I have this which I apply to each line/record; it works okay, wonder if anything obviously better.
"".join([full[:84], full[89:1518], full[1526:]])
In particular I'd find it more natural to specify what to cut than what to keep, if there's standard library or easy to read quick function that is more like
# hypothetical
cut(line, [ [84,88], [1519, 25] ])
ADDITION
To accepted answer, use sorted list of cuts, so caller can give in any order. Would be nice to add overlap detection as well
def cut(line, cuts):
sorted_cuts = sorted(cuts, key=lambda x: x[0])
return ''.join(line[slice(keep_start, keep_end)]
for keep_start, keep_end in zip(
[None] + [cut_end for cut_start, cut_end in sorted_cuts],
[cut_start for cut_start, cut_end in sorted_cuts] + [None]))
origline = "0123456789"
assert (cut(origline, [[1,2], [3,4]]) ==
cut(origline, ([3,4], (1,2))) ==
cut(origline, [[3,4], [1,2]]))
print(cut(origline, [[1,2], [3,4]]))
Here is an implementation of your hypothetical cut
function.
def cut(line, cuts):
return ''.join(line[slice(keep_start, keep_end)]
for keep_start, keep_end in zip(
[None] + [cut_end for cut_start, cut_end in cuts],
[cut_start for cut_start, cut_end in cuts] + [None]))

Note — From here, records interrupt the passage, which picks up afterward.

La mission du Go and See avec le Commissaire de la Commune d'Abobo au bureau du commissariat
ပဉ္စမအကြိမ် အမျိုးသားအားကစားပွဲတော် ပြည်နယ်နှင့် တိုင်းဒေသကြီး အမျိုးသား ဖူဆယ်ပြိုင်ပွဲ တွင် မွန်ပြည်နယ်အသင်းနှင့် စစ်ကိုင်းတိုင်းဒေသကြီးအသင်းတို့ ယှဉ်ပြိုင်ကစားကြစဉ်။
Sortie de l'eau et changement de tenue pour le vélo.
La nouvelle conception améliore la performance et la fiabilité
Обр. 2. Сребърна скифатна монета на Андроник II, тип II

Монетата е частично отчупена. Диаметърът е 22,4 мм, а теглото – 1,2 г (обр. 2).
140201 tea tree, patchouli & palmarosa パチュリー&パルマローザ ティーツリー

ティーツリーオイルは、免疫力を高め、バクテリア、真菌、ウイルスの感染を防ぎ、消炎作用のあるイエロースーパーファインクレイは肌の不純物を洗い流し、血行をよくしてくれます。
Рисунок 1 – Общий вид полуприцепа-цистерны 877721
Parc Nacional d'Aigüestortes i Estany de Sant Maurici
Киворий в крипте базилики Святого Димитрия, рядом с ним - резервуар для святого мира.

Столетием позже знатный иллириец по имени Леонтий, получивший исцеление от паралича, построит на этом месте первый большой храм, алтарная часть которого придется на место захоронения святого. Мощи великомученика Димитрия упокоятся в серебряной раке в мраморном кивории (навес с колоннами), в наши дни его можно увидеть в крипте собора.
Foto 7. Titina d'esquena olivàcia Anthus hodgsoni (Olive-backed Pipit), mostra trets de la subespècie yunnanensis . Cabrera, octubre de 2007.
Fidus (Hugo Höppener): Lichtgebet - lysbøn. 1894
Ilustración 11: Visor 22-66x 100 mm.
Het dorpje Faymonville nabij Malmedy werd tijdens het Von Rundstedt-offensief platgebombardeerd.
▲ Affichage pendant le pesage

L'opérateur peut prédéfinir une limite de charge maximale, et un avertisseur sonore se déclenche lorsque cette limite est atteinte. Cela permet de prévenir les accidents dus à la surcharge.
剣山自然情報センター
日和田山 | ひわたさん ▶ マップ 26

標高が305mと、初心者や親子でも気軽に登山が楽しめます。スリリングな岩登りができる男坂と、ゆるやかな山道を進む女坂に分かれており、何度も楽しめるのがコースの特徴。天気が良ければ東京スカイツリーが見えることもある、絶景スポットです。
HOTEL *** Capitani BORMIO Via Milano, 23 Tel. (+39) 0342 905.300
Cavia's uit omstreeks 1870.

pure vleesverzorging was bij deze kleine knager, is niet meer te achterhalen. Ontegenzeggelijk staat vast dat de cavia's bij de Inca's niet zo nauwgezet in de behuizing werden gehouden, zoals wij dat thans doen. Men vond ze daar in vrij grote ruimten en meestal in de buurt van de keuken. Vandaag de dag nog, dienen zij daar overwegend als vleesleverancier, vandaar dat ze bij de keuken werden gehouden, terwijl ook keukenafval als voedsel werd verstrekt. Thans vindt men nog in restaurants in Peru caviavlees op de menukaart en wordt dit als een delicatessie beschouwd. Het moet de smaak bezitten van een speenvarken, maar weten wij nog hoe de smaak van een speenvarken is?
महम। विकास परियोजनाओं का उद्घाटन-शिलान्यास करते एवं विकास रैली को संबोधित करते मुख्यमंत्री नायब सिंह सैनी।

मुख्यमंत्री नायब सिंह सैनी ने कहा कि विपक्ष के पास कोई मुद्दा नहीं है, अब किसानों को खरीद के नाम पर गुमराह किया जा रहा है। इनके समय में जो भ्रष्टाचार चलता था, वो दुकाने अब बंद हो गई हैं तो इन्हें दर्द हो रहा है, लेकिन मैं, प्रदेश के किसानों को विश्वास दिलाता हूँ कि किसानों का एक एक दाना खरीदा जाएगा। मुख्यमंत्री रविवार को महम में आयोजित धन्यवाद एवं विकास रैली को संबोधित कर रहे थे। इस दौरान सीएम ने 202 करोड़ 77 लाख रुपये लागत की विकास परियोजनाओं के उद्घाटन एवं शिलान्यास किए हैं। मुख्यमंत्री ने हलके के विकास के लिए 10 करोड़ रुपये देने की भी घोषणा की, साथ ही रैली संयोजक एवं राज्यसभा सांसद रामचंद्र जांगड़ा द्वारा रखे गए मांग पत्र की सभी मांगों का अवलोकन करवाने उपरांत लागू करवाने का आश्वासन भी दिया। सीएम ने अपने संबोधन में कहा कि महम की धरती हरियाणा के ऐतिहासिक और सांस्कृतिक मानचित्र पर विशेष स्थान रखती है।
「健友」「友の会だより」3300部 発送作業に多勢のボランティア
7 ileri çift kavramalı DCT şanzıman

print(cut('abcdefghijklmnopqrstuvwxyz', [[1,3], [9,10]]))
gives:
adefghiklmnopqrstuvwxyz
(bc
and j
were cut)
So:
The [None] + [cut_end for cut_start, cut_end in cuts]
is the start of each slice to keep, in this example [None, 3, 10]
The [cut_start for cut_start, cut_end in cuts] + [None]
is the end of each slice to keep, in this example [1, 9, None]
where None
means start/end of string as used by the slice
builtin.
Note: to implement the cuts given in your example, you would supply the arguments to this cut
function as:
cut(line, [[84, 89], [1519, 1526]])
where the second element of each 2-element list is the index after the end of the cut, in keeping with normal python indexing conventions.
If you really want not to have to do this (in order to get exactly the cut
function that you describe above), then in the above code you would replace:
[cut_end for cut_start, cut_end in cuts]
with:
[cut_end + 1 for cut_start, cut_end in cuts]
For convenience, here is the full code of the function in that case, and the calling code that you would use in your example:
def cut(line, cuts):
return ''.join(line[slice(keep_start, keep_end)]
for keep_start, keep_end in zip(
[None] + [cut_end + 1 for cut_start, cut_end in cuts],
[cut_start for cut_start, cut_end in cuts] + [None]))
print(cut(line, [[84, 88], [1519, 1525]])